如果深度是问题,我会考虑展平您的方法以使用本地堆栈/队列和单个迭代器块。这将减少用于枚举深层文件夹的代码路径:
迭代该过程,从结果创建您的 ProcessFile。
In .NET 4.0, there are inbuilt enumerable file listing methods; since this isn't far away, I would try using that. This might be a factor in particular if you have any folders that are massively populated (requiring a large array allocation).
If depth is the issue, I would consider flattening your method to use a local stack/queue and a single iterator block. This will reduce the code path used to enumerate the deep folders:
Iterate that, creating your
ProcessFile
s from the results.如果您认为 .NET 实现导致了问题,那么我建议您使用 winapi 调用 _findfirst、_findnext 等。
在我看来,.NET 需要大量内存,因为列表在每次调用时都被完全复制到数组中。
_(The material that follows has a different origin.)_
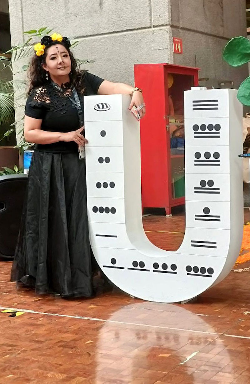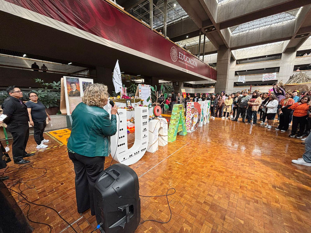 El legado cultural de Carrillo Puerto se vio reflejado en la ofrenda de la Universidad Abierta y a Distancia de México, pues los volumétricos de las siglas de nuestra universidad fueron intervenidos por integrantes de nuestra comunidad universitaria.

目录级别 - 因此,如果您的目录结构有 10 层深,那么您在任何给定时刻都有 10 个版本的数组文件,并且为结构中的每个目录分配/释放该数组。
使用与 _findfirst 等相同的递归技术只需要在每个递归级别保留目录结构中某个位置的句柄。
If you believe that the .NET implementation is causing the problem then I suggest that you use the winapi calls _findfirst, _findnext etc.
It seems to me that .NET requires a lot of memory for because the lists are completely copied into the arrays at each level of directory - so if your directory structure is 10 levels deep you have 10 versions of the array files at any given moment and an allocation/deallocation of this array for every directory in the structure.
Using the same recursive technique with _findfirst etc will only require that handles to a position in the directory structure be kept at every level of recursion.